Güzelliğine şarkılar yazılacak kadar alımlı, hedefine ulaşmak için polise ve kanuna kafa tutacak kadar pervasız, hayal dünyasında yaşamaya rıza gösterecek kadar kalender kadındı Afife Jale… Türk tiyatrosunun öncü ismi, kısa hayatına öylesine yoğun/çeşitli olaylar sığdırdı ki; Türk tipi Rüzgâr Gibi Geçti filmine senaryo olabilirdi.
Babasıyla seyrettiği tiyatro oyununda bulduğu yalancı cennet, hayatının ikonu oldu. Muhsin Ertuğrul ile tanışınca hayalleri gerçeğe döndü. 1919’da sahnelenen - Hüseyin Suat’ın - Yamalar adlı oyunda başrol oynadı. Jale takma adını kullandı; henüz 16 yaşındaydı. Kadıköy’deki Apollon Tiyatrosu’nda sahneye çıkan ilk Müslüman kadın sanatçıydı. Ama denetim yapan polis memurlardan kaçamadı.

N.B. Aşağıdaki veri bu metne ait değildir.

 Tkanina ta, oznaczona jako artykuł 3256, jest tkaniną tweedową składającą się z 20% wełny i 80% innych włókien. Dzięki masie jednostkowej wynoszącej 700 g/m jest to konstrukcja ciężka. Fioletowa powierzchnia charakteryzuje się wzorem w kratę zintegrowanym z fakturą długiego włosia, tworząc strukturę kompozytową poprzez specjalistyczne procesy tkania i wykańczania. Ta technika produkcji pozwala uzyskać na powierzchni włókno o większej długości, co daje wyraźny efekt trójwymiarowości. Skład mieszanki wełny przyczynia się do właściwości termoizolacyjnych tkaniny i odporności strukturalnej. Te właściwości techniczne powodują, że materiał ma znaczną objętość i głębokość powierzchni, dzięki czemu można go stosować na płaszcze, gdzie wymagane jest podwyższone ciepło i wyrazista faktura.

1923 yılına kadar çok zorluk çekti; ailesinden/akrabalarından yardım istemedi. İstanbul’un zengin/köklü bir ailesinden geliyordu. Babasının dediğini yapmadığından, burnunun dikine gittiğinden bağları kopuktu. Bu süre içinde gezici tiyatrolarda küçük roller üstlendi; karın tokluğuna gelen teklifleri kabul etti. 20 yaşına karşın hasta vücudu ve sinirli ruh hali vardı. Uyuşturucuyla tanışması da zor günlerinin eseriydi. Eroin, esrar, morfin ve uyuşturucu hapın her türlüsünü kullandı.

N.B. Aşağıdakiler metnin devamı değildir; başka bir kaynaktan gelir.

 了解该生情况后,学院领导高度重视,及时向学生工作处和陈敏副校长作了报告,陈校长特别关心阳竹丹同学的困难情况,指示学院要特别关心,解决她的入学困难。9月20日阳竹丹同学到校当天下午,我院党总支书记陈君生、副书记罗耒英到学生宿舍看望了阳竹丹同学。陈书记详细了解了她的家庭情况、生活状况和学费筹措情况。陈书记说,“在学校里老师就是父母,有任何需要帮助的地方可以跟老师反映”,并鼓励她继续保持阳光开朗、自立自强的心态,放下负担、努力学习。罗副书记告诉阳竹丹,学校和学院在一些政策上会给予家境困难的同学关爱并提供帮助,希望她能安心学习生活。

Atatürk’ün kurduğu yeni yönetim; tiyatroda Türk kadınının aktif görev almasının kapısı açtı. Çeşitli tiyatrolarda çalıştı, Anadolu turnelerine iştirak etti; sevdiği işi gönlünce yaptı. Ama tek dostu her geçen gün onu pençesine aldı. Eczanelerden sağladığı morfinle gününü geçiştirdi. Çevresinin iddiasına göre, Kadıköy’de Suriyeli bir Arap eczacıyla ilişkisi vardı; morfin ihtiyacını karşıladı.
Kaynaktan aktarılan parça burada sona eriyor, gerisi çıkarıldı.